→ **Activity**
All of the data should be repeated exactly; pictures are not part of the copy.

[[ Data block open ]]

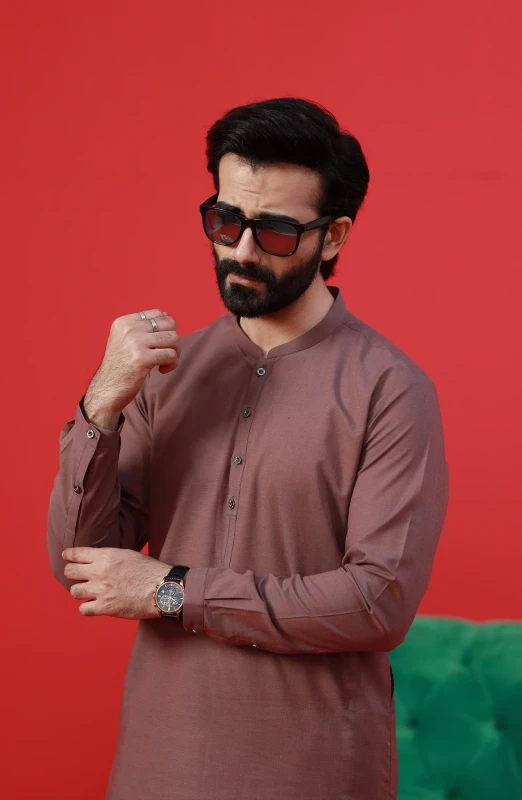 PRE WINTER'23 MEN KURTA PAJAMA SEMI FORMAL LIGHT MAROON
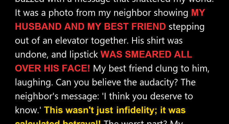 I was in another state, dealing with the immense grief of burying my mother, when my phone buzzed. The message was from my neighbor, someone I barely knew beyond polite greetings. Attached was a photo that would forever change my life. The image showed **my husband and my best friend** stepping out of an elevator together. His shirt was hanging open, exposing his chest, and there was lipstick smeared across his mouth and down his neck. My best friend was pressed against him, laughing, seemingly without a care in the world. Below the photo, a simple yet devastating message: “Something seems wrong here. I don’t want to ruin your life, but I wish someone had warned me when my ex cheated. I think you deserve to know.”
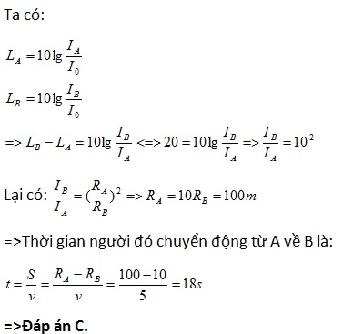 Một nguồn điểm O phát sóng âm có công suất không đổi trong một môi trường truyền âm đẳng hướng và không hấp thụ âm. Một người đang chuyển động thẳng đều từ A về O với tốc độ 5 (m/s). Khi đến điểm B cách nguồn 10m thì mức cường độ âm tăng thêm 20dB. Thời gian người đó chuyển động từ A đến B là:

[[ Data block closed ]]

→ **Solution to the problem**
 PRE WINTER'23 MEN KURTA PAJAMA SEMI FORMAL LIGHT MAROON
 I was in another state, dealing with the immense grief of burying my mother, when my phone buzzed. The message was from my neighbor, someone I barely knew beyond polite greetings. Attached was a photo that would forever change my life. The image showed **my husband and my best friend** stepping out of an elevator together. His shirt was hanging open, exposing his chest, and there was lipstick smeared across his mouth and down his neck. My best friend was pressed against him, laughing, seemingly without a care in the world. Below the photo, a simple yet devastating message: “Something seems wrong here. I don’t want to ruin your life, but I wish someone had warned me when my ex cheated. I think you deserve to know.”
 Một nguồn điểm O phát sóng âm có công suất không đổi trong một môi trường truyền âm đẳng hướng và không hấp thụ âm. Một người đang chuyển động thẳng đều từ A về O với tốc độ 5 (m/s). Khi đến điểm B cách nguồn 10m thì mức cường độ âm tăng thêm 20dB. Thời gian người đó chuyển động từ A đến B là:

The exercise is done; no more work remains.